To examine the possibility that RNAP II functions directly in splicing,
we first purified RNAP II from HeLa cells, following the procedure of
Lu et al. (1991). Given that some studies suggested that only the RNAP
IIO isoform is able to interact with splicing factors, this procedure
was especially appropriate because it allowed separation of RNAP IIO
from RNAP IIA. Aliquots of the two purified preparations were resolved
by SDS-PAGE and visualized by silver staining (Fig.

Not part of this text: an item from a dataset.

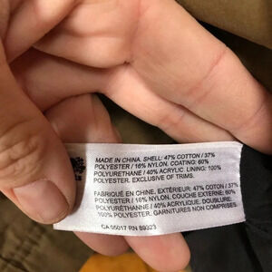 Good pre loved condition- the lower zipper is missing the pull tab and the very bottom snap has seen better days but the jacket itself is in good shape and has no tears or stains that I could see.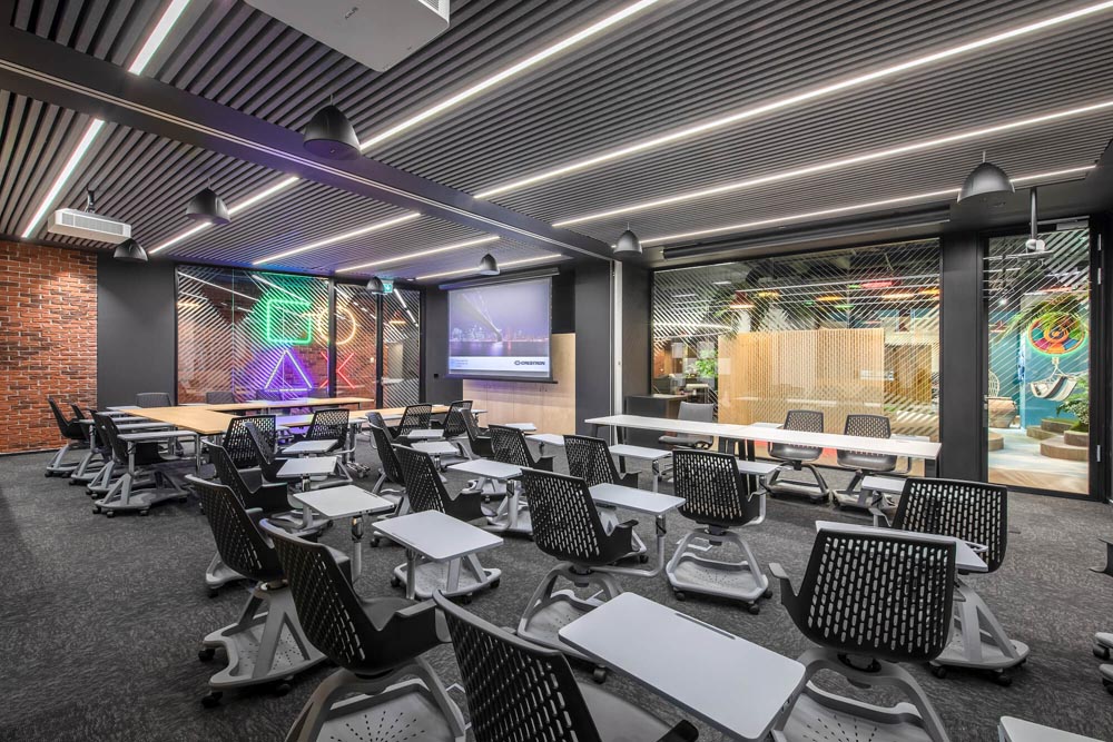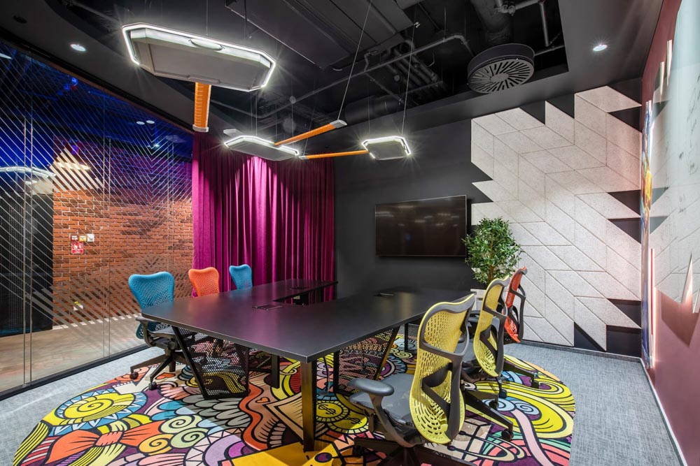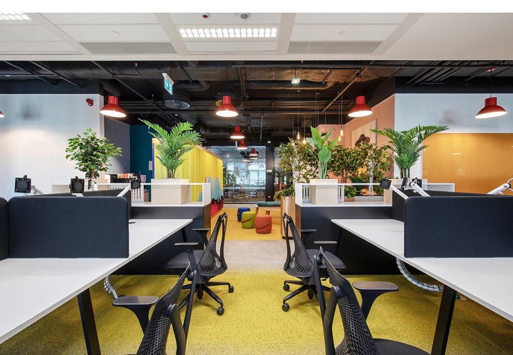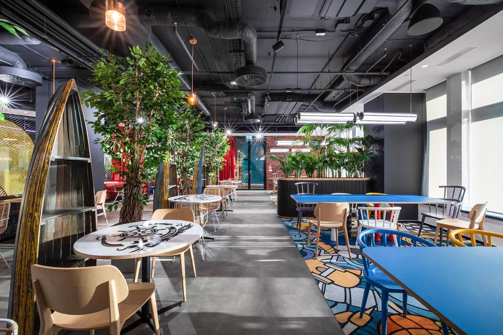 游戲場景、開放協(xié)作多元、綠植、休閑工業(yè)風(fēng),空間以鮮明的色彩配,以特別定制的照明設(shè)備加以強(qiáng)化和凸顯,為員工塑造一個親和舒適、充滿創(chuàng)意的工作環(huán)境。

1a), which revealed that both were essentially homogeneous. Western blotting with an antibody that recognizes the CTD
(Besse et al. 1995) confirmed that neither isoform was detectably
contaminated with the other (Fig. 1b). Given the known ability of SR
proteins to activate splicing, we wished to provide additional evidence
that the RNAP preparations were not contaminated with SR proteins.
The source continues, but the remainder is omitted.